Palestra de Paul B. Preciado na abertura da Documenta em KasselFoto: DW/C. Albuquerque

Nesse momento, explicam os curadores, teve início um processo duplo de autoconstrução subjetiva e artística: "Lorenz decidiu usar o nome Lorenza como confirmação de uma posição transexual abertamente feminina. Os desenhos e autorretratos de Lorenz como mulher, pintados com a boca e os pés, em roupas de mulher desenhadas para pessoas sem braços, como também sequências fotográficas que documentam o processo de transformação, funcionam como tecnologias performáticas da criação de uma subjetividade transgênera sem braços."

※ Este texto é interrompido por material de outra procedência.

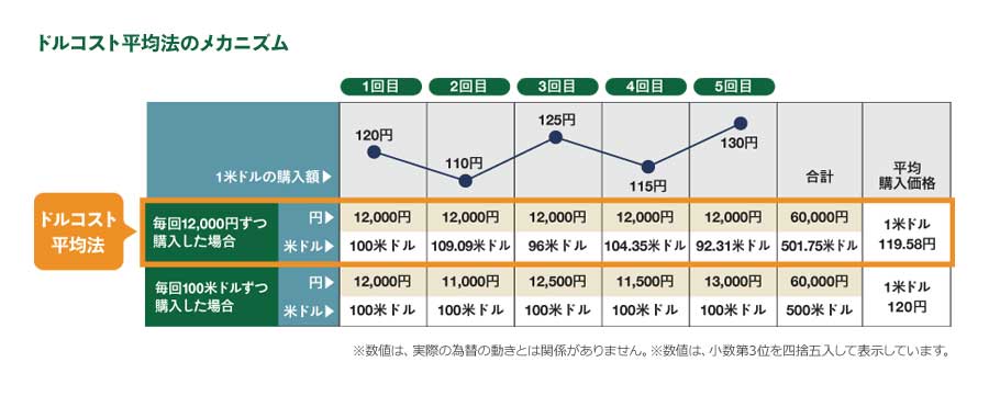例えば、月々一定額の「円」を払い込むタイプなら、「外貨が安いときに多く購入し、外貨が高いときに少なく購入する」というドルコスト平均法で為替変動リスクに対応できます。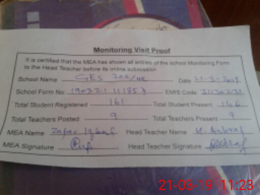 | EMIS Code: 31130231 | Name of School: GES CHAK NO 302 HR | |||

Nesse ponto, a obra de Lorenza Böttner pode ser vista como um trabalho de resistência: enquanto o discurso médico e os modos de representação pretendem dessexualizar e transformar o corpo deficiente num corpo sem definição de gênero, o trabalho de performance de Lorenza erotiza o corpo trans e sem braços, equipando-o com potência sexual e política.

Em 1988, Lorenza mudou-se para Barcelona. Em 1992, ela se tornou a personificação viva de "Petra", a menina-mascote sem braços criada para os Jogos Paralímpicos no mesmo ano, lembraram os curadores.

Lorenza morreu em 1994 devido a complicações relacionadas com HIV. Sua obra em forma de desenhos, pastéis, pinturas, vídeo, como também material de arquivo, poderá ser vista até 17 de setembro na Neue Galerie, em Kassel.